By the time Stegall’s posse caught up with them, they had already murdered two more men named Hudgens and Gilmore.
As the posse closed in around their camp, Little escaped, but Big was chased down. They managed to shoot him once in the leg and once in the back.
And the legend has it that as he lay there bleeding out, he confessed his killings to the men who stood over him, waiting for him to die.
That’s when Moses Stegall took Big’s own butcher knife… and cut off his head.
According to the story, he did it while Big was still alive, and he did it as slowly as possible to extend the agony. Micajah’s last words were, “You’re a Goddamned rough butcher, but cut on and be damned.”
Once it was over, Moses took Big’s head and impaled it on the limb of a tree near the intersection of a local road to serve as a warning for other would-be bandits.
That spot is the infamous Harpe’s Head Road that I mentioned at the beginning of this video.
But Little got away. He headed west again with the women and returned to the Mason Gang at Cave-In-Rock under the alias of John Setton.
He managed to stay alive for 4 years before his insatiable greed got the best of it.
Turns out, Mason had a $2,000 bounty on his head. That’s equivalent to almost $50,000 today.
So, Little and another pirate turned on Mason and decapitated him.
They took the head in for the reward money. As he began to leave with the money, a victim from an earlier riverboat attack recognized him.
Authorities immediately arrested him, but he escaped…. again. Maybe his nickname should’ve been Willy and not Little.
A posse caught up with him and he was finally brought to justice. Tried, sentenced, and hung.
And just to make sure he was dead, they cut off his head and placed it on a spike along the Natchez Trace as a warning to other outlaws.
This was February of 1804, and their bloody spree of violence finally came to an end.
The three women were arrested and tried, but the community took pity on them. Again, there’s still debate around whether they were willing accomplices or kidnap victims, but in this case they were seen as victims. Or they were able to convince people they were anyway.
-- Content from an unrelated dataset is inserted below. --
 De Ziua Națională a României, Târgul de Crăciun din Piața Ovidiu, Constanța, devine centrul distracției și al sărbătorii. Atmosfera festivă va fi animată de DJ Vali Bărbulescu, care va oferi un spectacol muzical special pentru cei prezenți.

Perhaps a piece of evidence that swayed the jury was the fact that – that whole thing where Micajah murdered his own child? Apparently that happened several times.
There were three children – between the five of them – that survived. But apparently they had several more children. All of which were dispatched in the interest of expediency.
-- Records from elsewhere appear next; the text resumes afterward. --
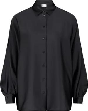 Damen Satin-Bluse mit Kragen 34, Schwarz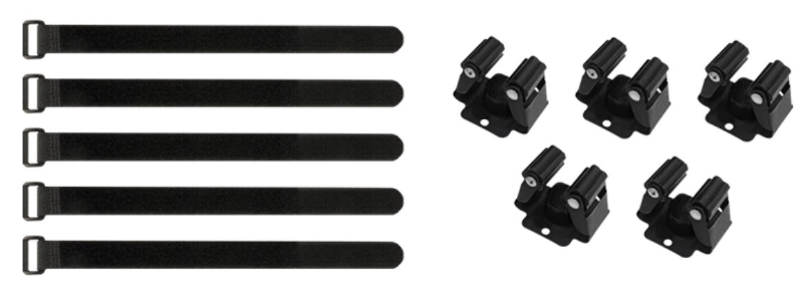 ライトなどの棒状のものをワンタッチで挟み込めるタイプとベルクロの2種類の取り付けパーツになります。こちらはモールプレート専用ではなく汎用品となっています。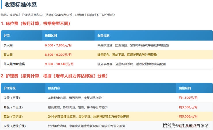 信养之家爱亲仁护理院的收费体系采用完全透明的弹性模式,由以下四个主要部分构成,家属可根据长者实际需求和经济状况进行个性化选择:

It’s hard to imagine a mother willingly staying with someone who does that to their children, or actively participating in it. But of course… there are female psychopaths too.
Regardless, the three of them went on to marry, raise families, and live in peace.
In the end, the Harpes claim to have killed 39 people. But that number may be closer to 50 or higher. Like I said before, the way they disposed of bodies means there could be a lot that went uncounted.
The Harpe name became synonymous with violence, lawlessness, and unspeakable evil. And many family members changed their last names to hide the fact that they were related to them.
Some just dropped the “e,” while others changed their names significantly. In fact, the rumor is that Wyatt Earp was a descendant of the Harpe Brothers.
But in a way… and bear with me because this could get pretentious for a second… Aren’t we all descendants of the Harpe Brothers?
The United States, for all it’s positives, has always had a dark underbelly to it.
Those tensions that were created in the fire of the revolution, the tensions that created the Harpes… they’re still around. They don’t take the same form they used to, they’ve evolved over time. But they’re still there – woven into the fabric our history.
We celebrate great heroes from the revolution but forget that revolution is messy and created fractures that led to unspeakable violence.
There are similar fractures in society today. Fractures that manifest in evil and violent acts with relentless, overwhelming regularity.
Am I working too hard on this? I’m just saying that there are lessons to be learned from the Harpe brothers. This isn’t just a salacious story about a couple of serial killers, they were serial killers formed by the very birth of this nation. Every rose has its thorn.